### WORK REQUIRED
Return the listing below unchanged, but without pictures.
# # # # #
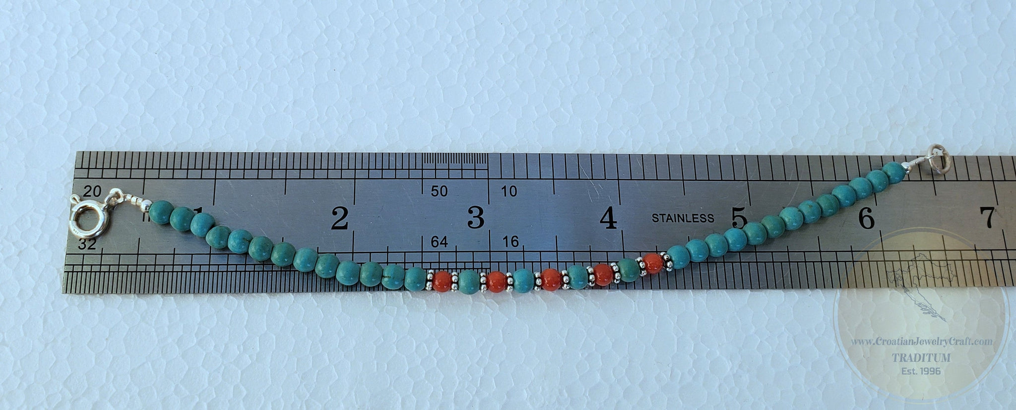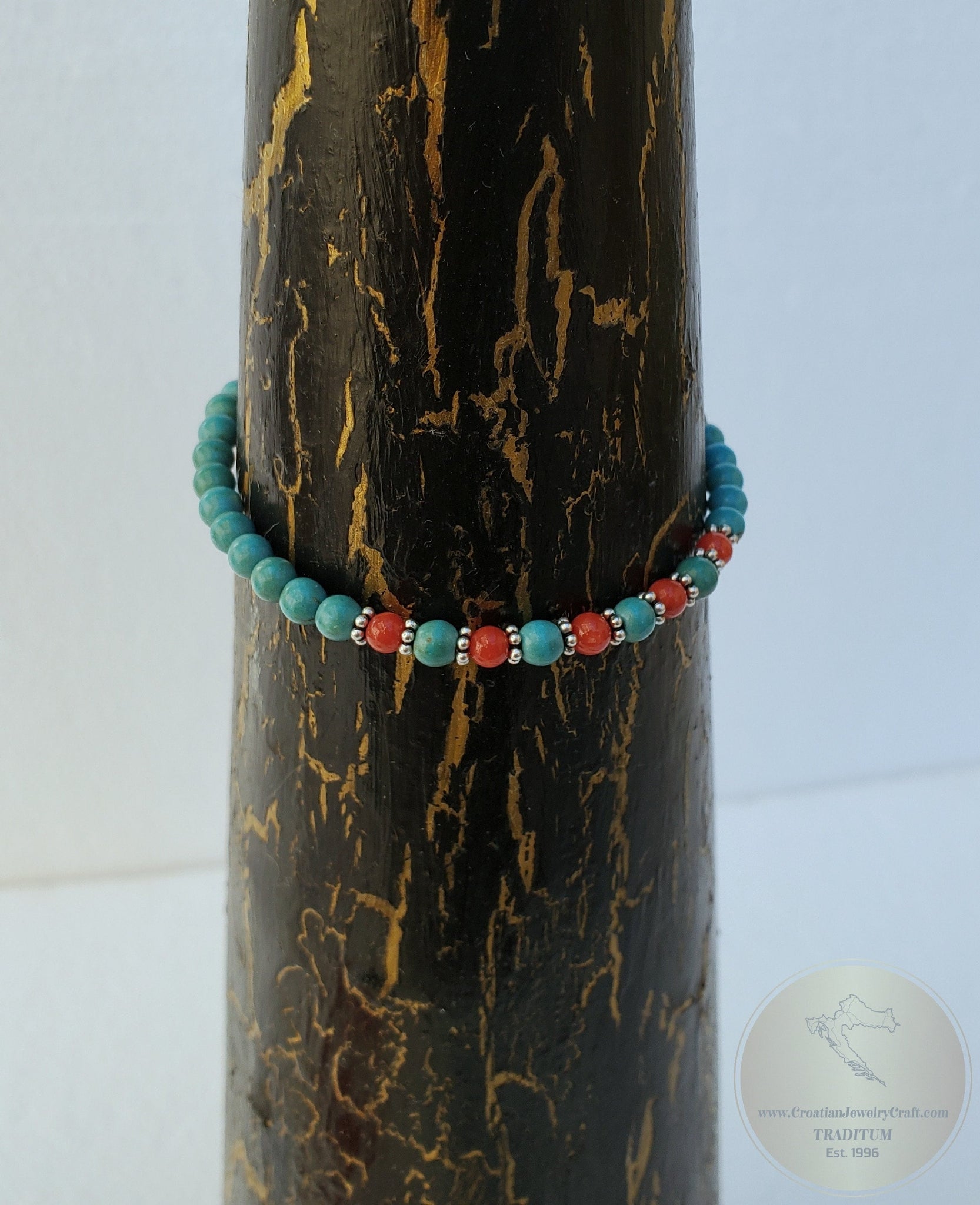 Small Round Bead Turquoise Bracelet, Red Mediterranean Coral Sterling Silver Bracelet, Natural Coral Jewelry
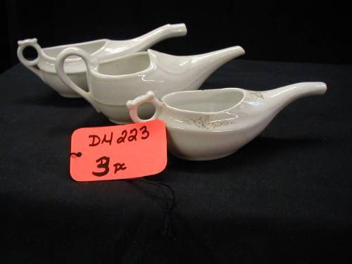 INVALID FEEDERS TURN OF THE CENTURY SEMI PORC. INCLUDES (1) MARKED W.T., (1) GERMAN, (1) W/ GOLD ACCENT (FLEA NIP ON RIM), 3PC EXCELLENT
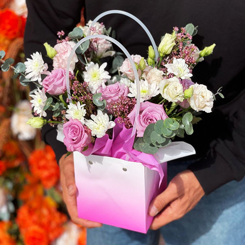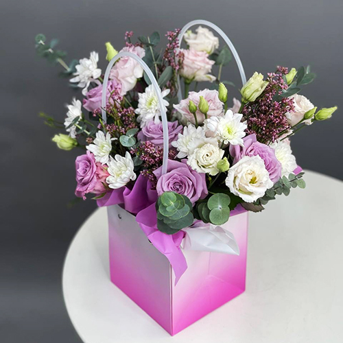 Стильная композиция в сумочке из роз, хризантем и эустом
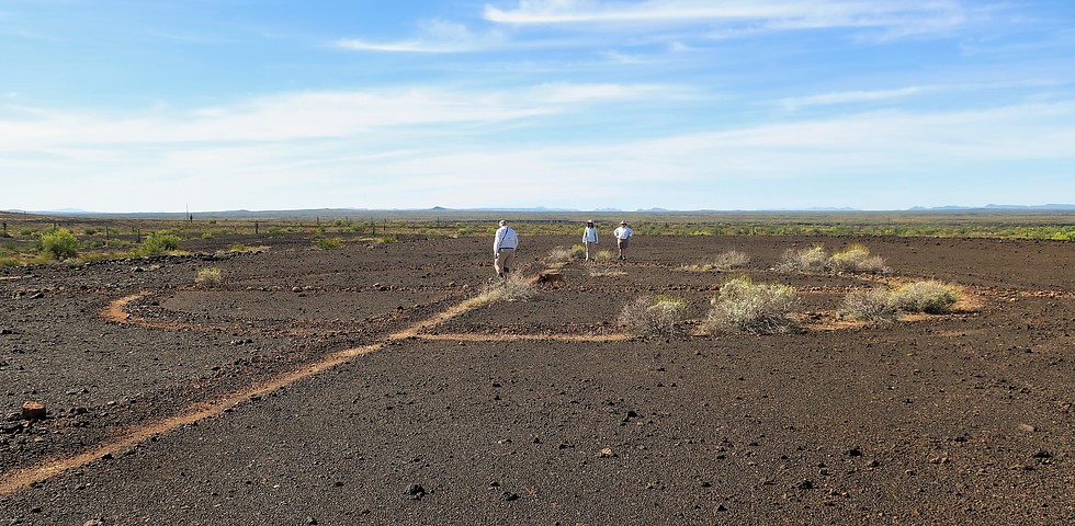 An aerial "compass" dug into the basalt pebbles. Our best guess was WW2 (or earlier) vintage.
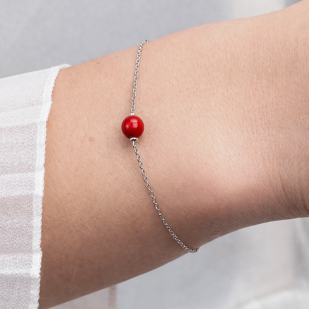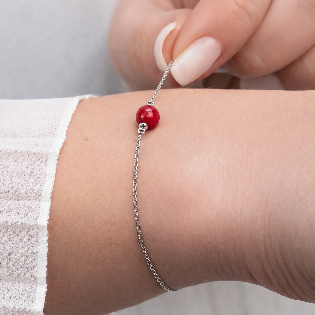 Серебряный браслет с кораллом
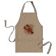 Delantal de bib del chef con bolsillos delanteros. Una sola imagen de langosta roja se coloca sobre un diseño de tablero de ajedrez bronceado con borde irregular de pinceladas. Se muestra en un delantal bronceado caqui, con blanco o amarillo disponible. El texto del "Chef" está en letra cursiva azul oscuro y se puede cambiar o eliminar.
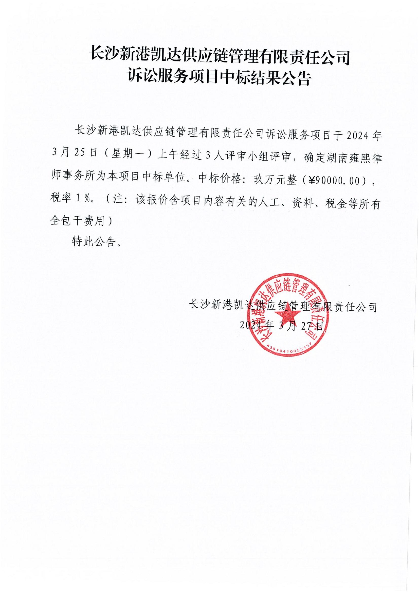 長沙新港凱達供應(yīng)鏈訴訟服務(wù)項目中標(biāo)結(jié)果公告
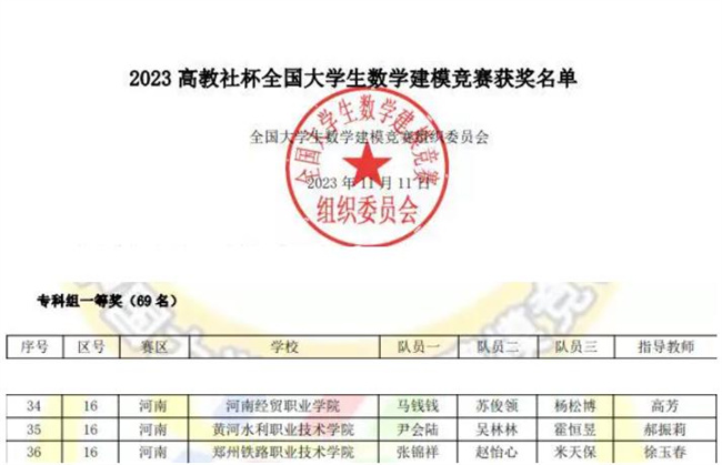 中新河南網(wǎng)11月17日電 近日,“高教社杯”全國(guó)大學(xué)生數(shù)學(xué)建模競(jìng)賽成績(jī)發(fā)布,由黃河水利職業(yè)技術(shù)學(xué)院基礎(chǔ)部郝振莉老師指導(dǎo)的2021級(jí)水工建筑專(zhuān)業(yè)尹會(huì)陸、水文地質(zhì)專(zhuān)業(yè)吳林林和水利施工專(zhuān)業(yè)霍恒昱組成的參賽隊(duì)伍,獲得全國(guó)一等獎(jiǎng)。
# # # # #
### TASK SOLUTION
 Small Round Bead Turquoise Bracelet, Red Mediterranean Coral Sterling Silver Bracelet, Natural Coral Jewelry
 INVALID FEEDERS TURN OF THE CENTURY SEMI PORC. INCLUDES (1) MARKED W.T., (1) GERMAN, (1) W/ GOLD ACCENT (FLEA NIP ON RIM), 3PC EXCELLENT
 Стильная композиция в сумочке из роз, хризантем и эустом
 An aerial "compass" dug into the basalt pebbles. Our best guess was WW2 (or earlier) vintage.
 Серебряный браслет с кораллом
 Delantal de bib del chef con bolsillos delanteros. Una sola imagen de langosta roja se coloca sobre un diseño de tablero de ajedrez bronceado con borde irregular de pinceladas. Se muestra en un delantal bronceado caqui, con blanco o amarillo disponible. El texto del "Chef" está en letra cursiva azul oscuro y se puede cambiar o eliminar.
 長沙新港凱達供應(yīng)鏈訴訟服務(wù)項目中標(biāo)結(jié)果公告
 中新河南網(wǎng)11月17日電 近日,“高教社杯”全國(guó)大學(xué)生數(shù)學(xué)建模競(jìng)賽成績(jī)發(fā)布,由黃河水利職業(yè)技術(shù)學(xué)院基礎(chǔ)部郝振莉老師指導(dǎo)的2021級(jí)水工建筑專(zhuān)業(yè)尹會(huì)陸、水文地質(zhì)專(zhuān)業(yè)吳林林和水利施工專(zhuān)業(yè)霍恒昱組成的參賽隊(duì)伍,獲得全國(guó)一等獎(jiǎng)。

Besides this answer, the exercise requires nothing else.